Defendant gets 20 years in cold case homicide

A 62-year-old man indicted four years ago in connection with a 1982 murder entered a plea agreement Friday and was sentenced to 20 years in the Texas Department of Corrections.

According to the Odessa Police Department, Velma Nesset’s partially nude body was found in a drainage culvert along Tanglewood Lane on April 19, 1982 after she didn’t show up for work at what was then called the Permian Mall.

First Assistant Ector County District Attorney Greg Barber said the case had gone cold for years until DNA samples from the cold case were re-examined and run through genetic genealogy until a suspect could be identified.

Investigators from the Odessa Police Department and the Texas Rangers followed up on the leads and were able to eventually identify Ludwigson, who was 20 at the time of the slaying, as the suspect. He was arrested near his home in Denver, Colorado in September 2020 and has remained in custody since.

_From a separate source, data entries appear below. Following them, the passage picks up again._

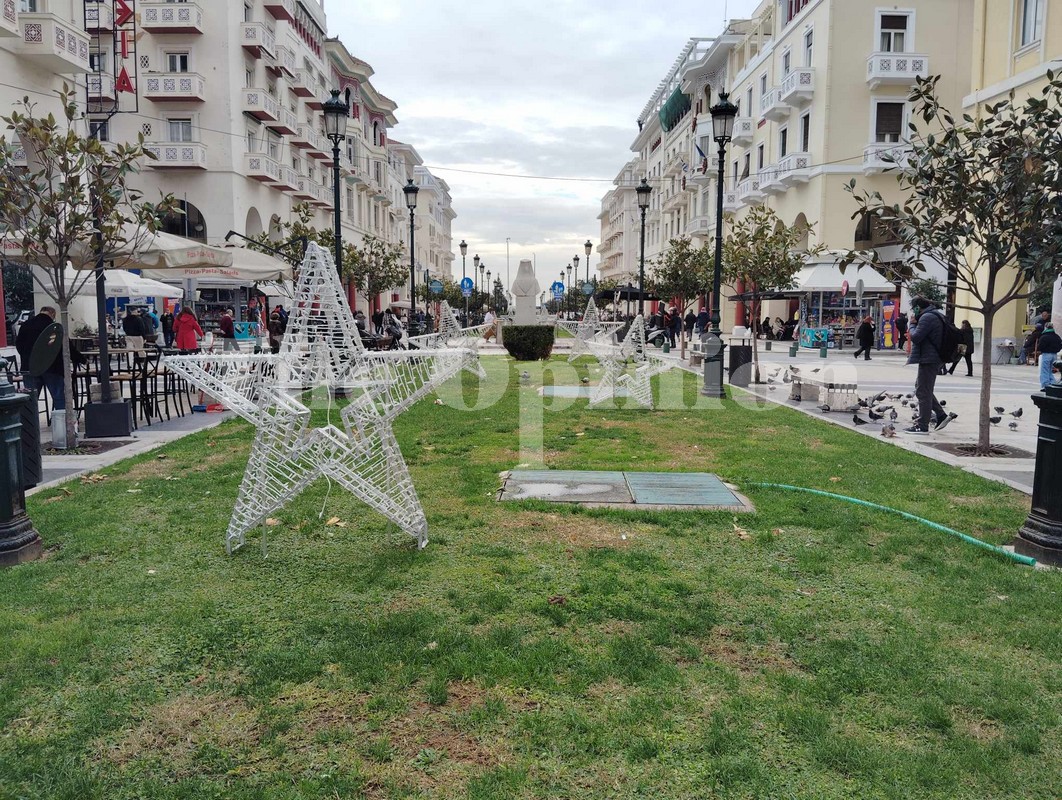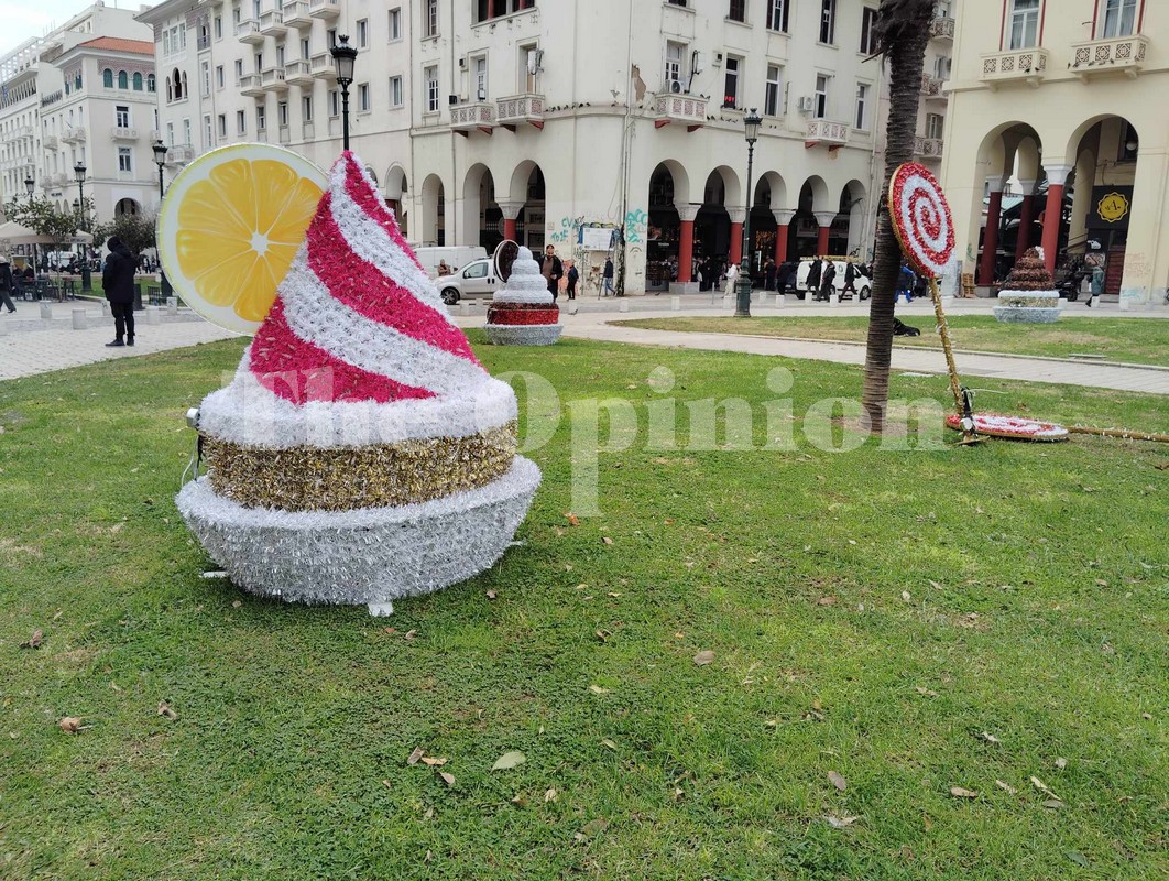 Οι τελευταίες πινελιές μπαίνουν σήμερα, με τα τεράστια στολίδια να «παίρνουν» τη θέση τους και ήδη να «ποζάρουν» σε φωτογραφίες περαστικών. Αστέρια, αρκουδάκια, γλειφιτζούρια και κέικ, είναι μερικά από αυτά που θα δείτε αύριο να φωτίζουν την πόλη.
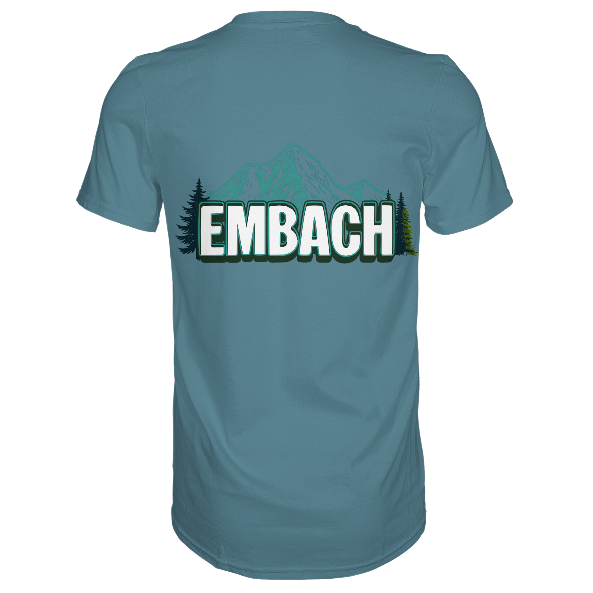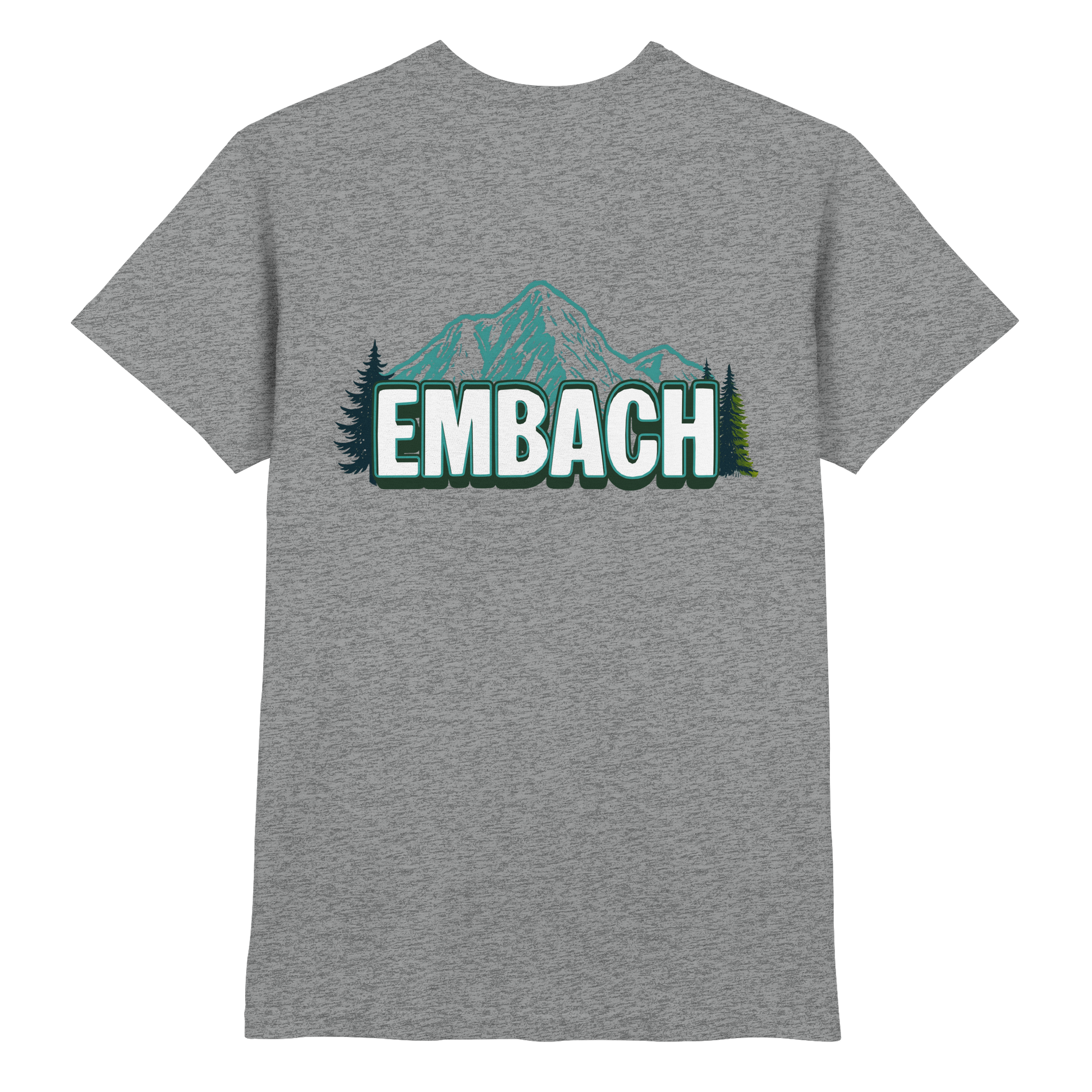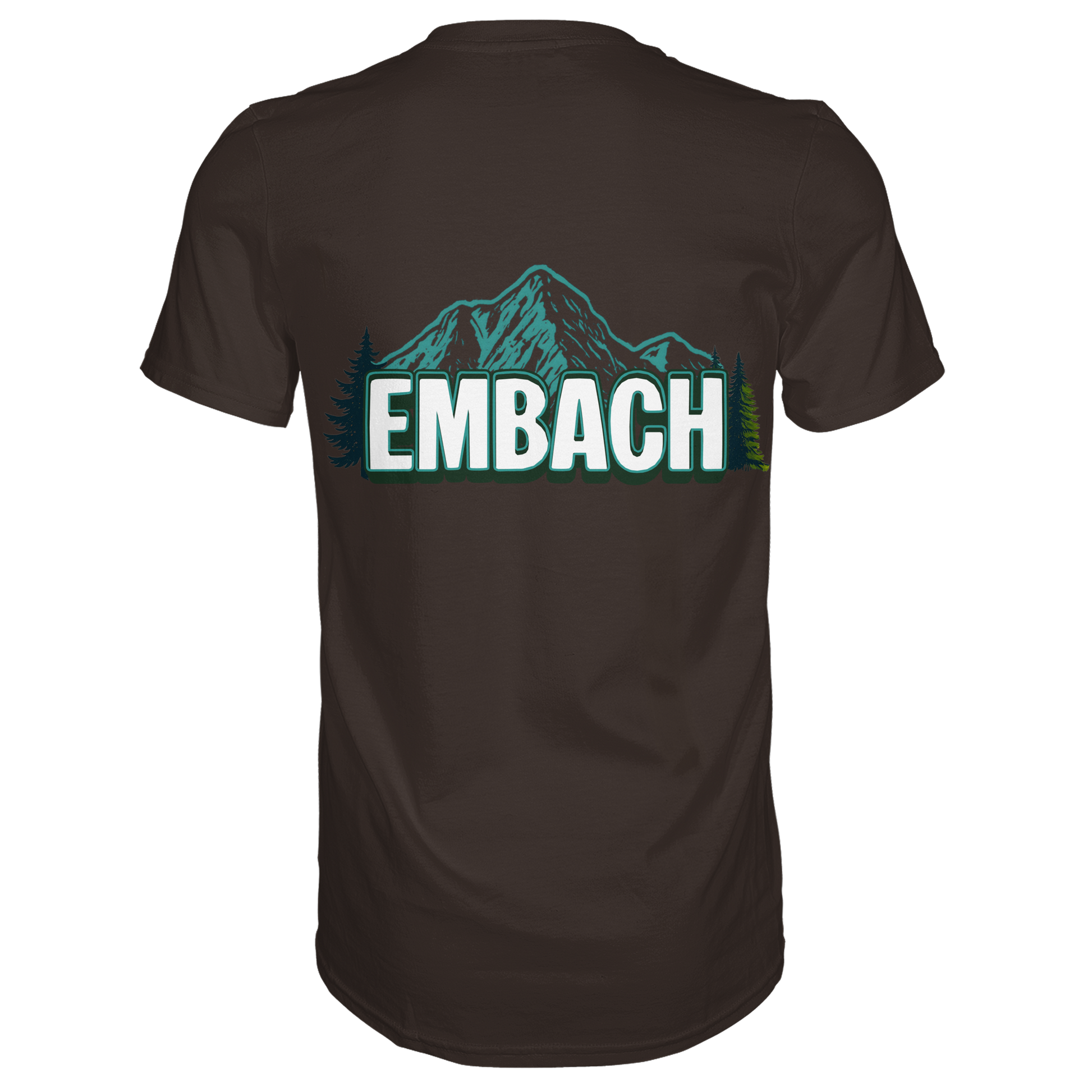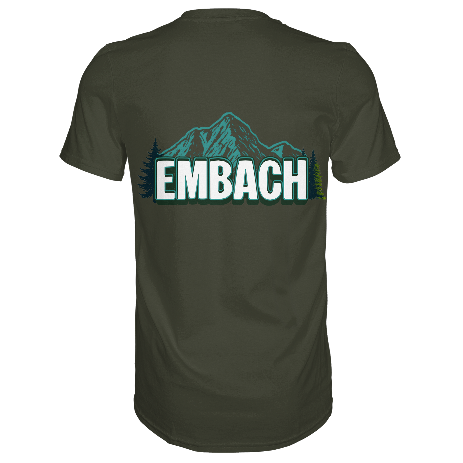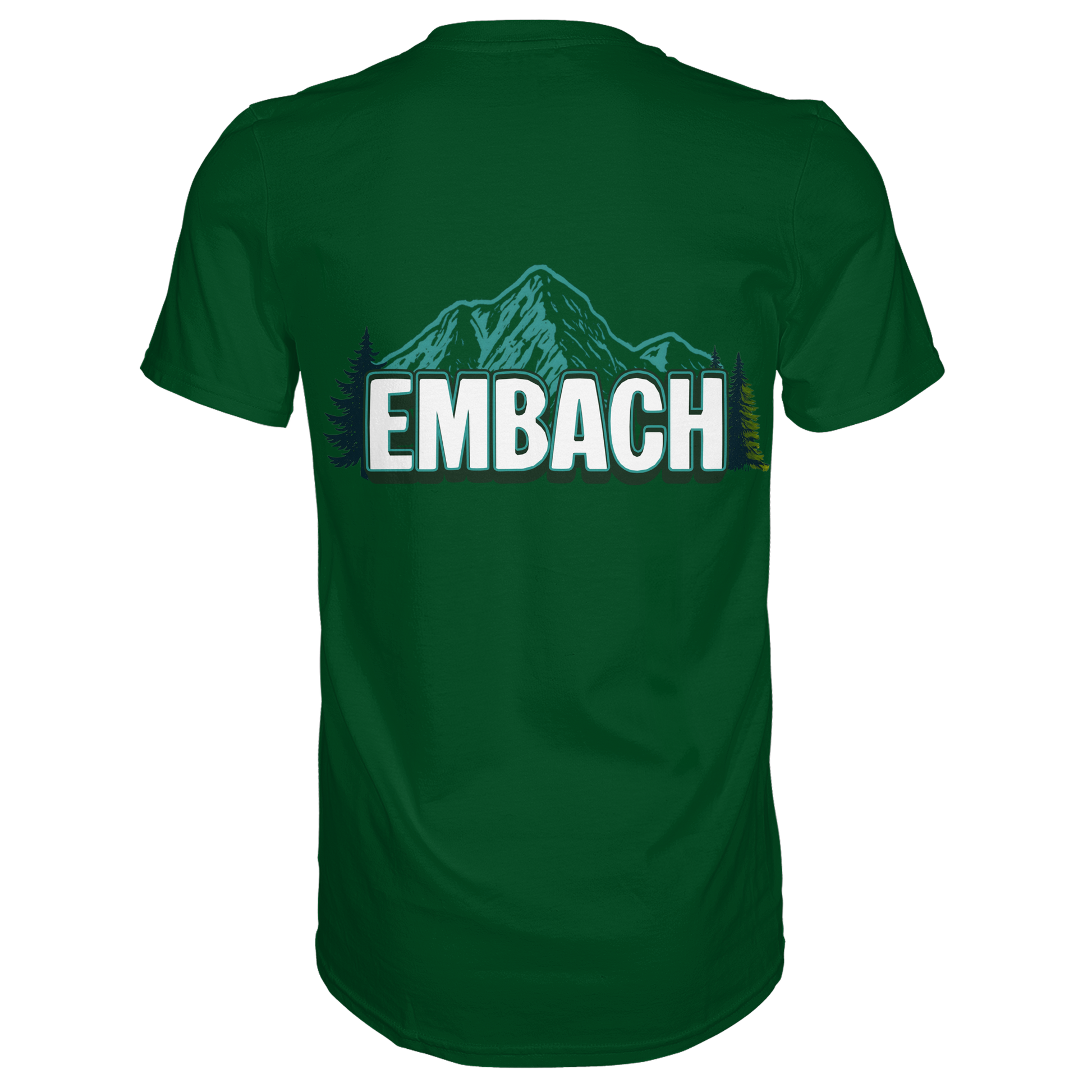 Vorne das Panorama, hinten der Stolz: Das Shirt zeigt auf der Vorderseite das Bergmotiv mit Wanderer – Sinnbild für Freiheit, Natur und das Gefühl, in Embach anzukommen. Auf der Rückseite steht klar und ruhig der Schriftzug „EMBACH“.
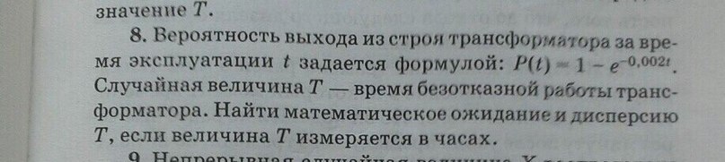⇒математическое ожидание М(T) =1/λ=1/0,002=500
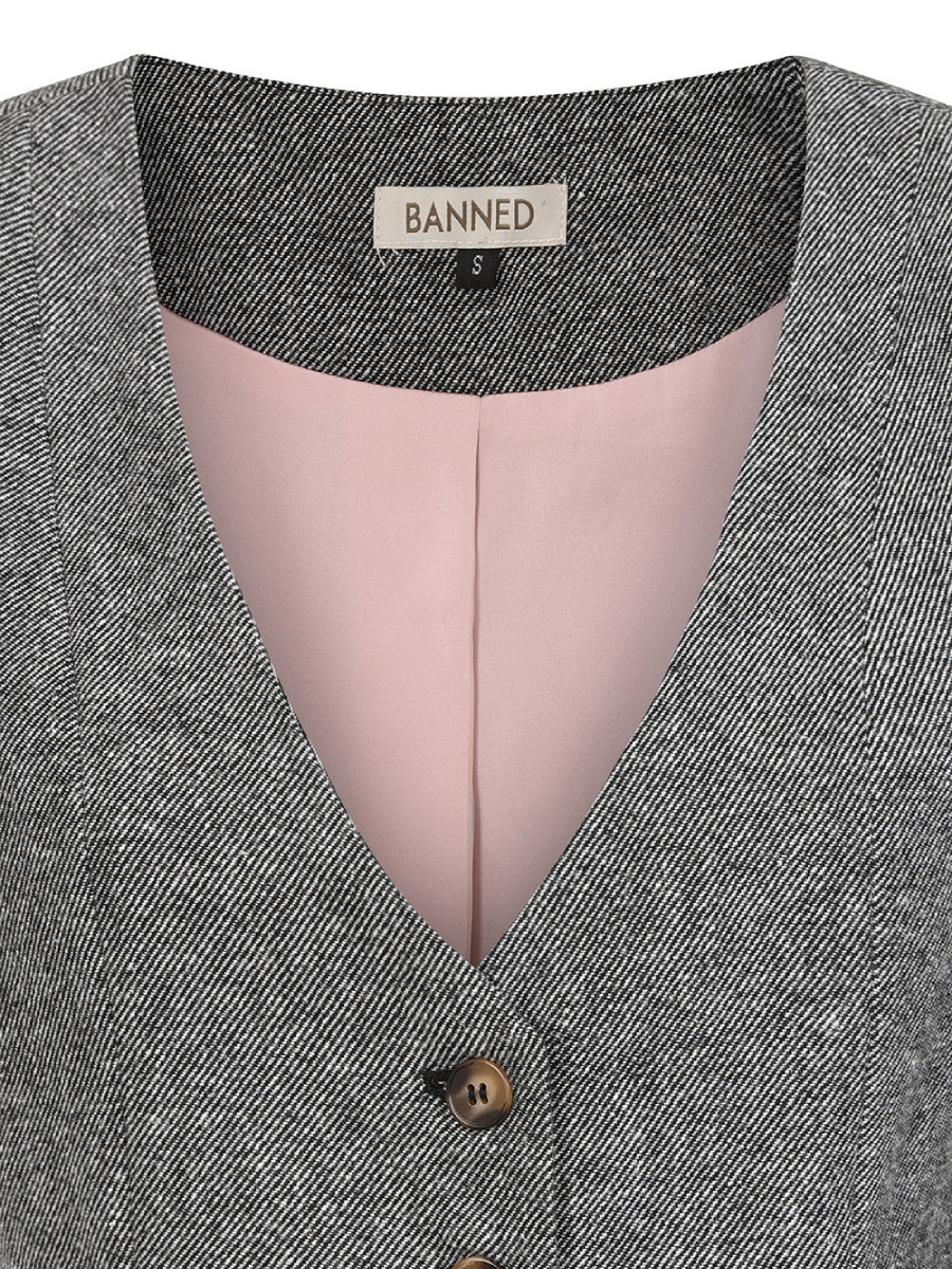 Herren-Stil ja, aber für Sie ist es immer wichtig, dabei Ihre Weiblichkeit zu zeigen. Die elegante Damen-Anzugweste im Vintage Stil "Selma Herringbone Waistcoat Grey" von Banned hat das Beste aus beiden Welten. Sie ist aus grauem Wollgemisch in Tweed-Optik, wie es die feinen britischen Herrenschneider so lieben, aber der Schnitt ist für die weibliche Figur optimiert und passt wunderbar zur Marlenehose, einem Swingrock im 40er Jahre Stil oder einem engen Fishtail-Rock im Look der 20er und 30er. Klassische Westenform mit tiefem V-Ausschnitt und 4 Knöpfen vorn. Der Querriegel mit Knöpfen hinten ist wieder an den echten Gentleman-Look angelehnt. Diese wunderbar klassische Anzugweste für Damen ist nicht nur beim Five o`clock Tea ein absoluter Hingucker!

“The Ector County District Attorney’s Office worked up the case despite the issues involved in trying to prosecute a homicide that occurred 42 years ago,” Barber said via email. “With the approval of the victim’s family, the state and defense agreed to a 20-year TDCJ plea agreement that was approved by the court.”

Ludwigson was represented by Jason Leach and Judge Denn Whalen of the 70th Ector County District Court presided over the case.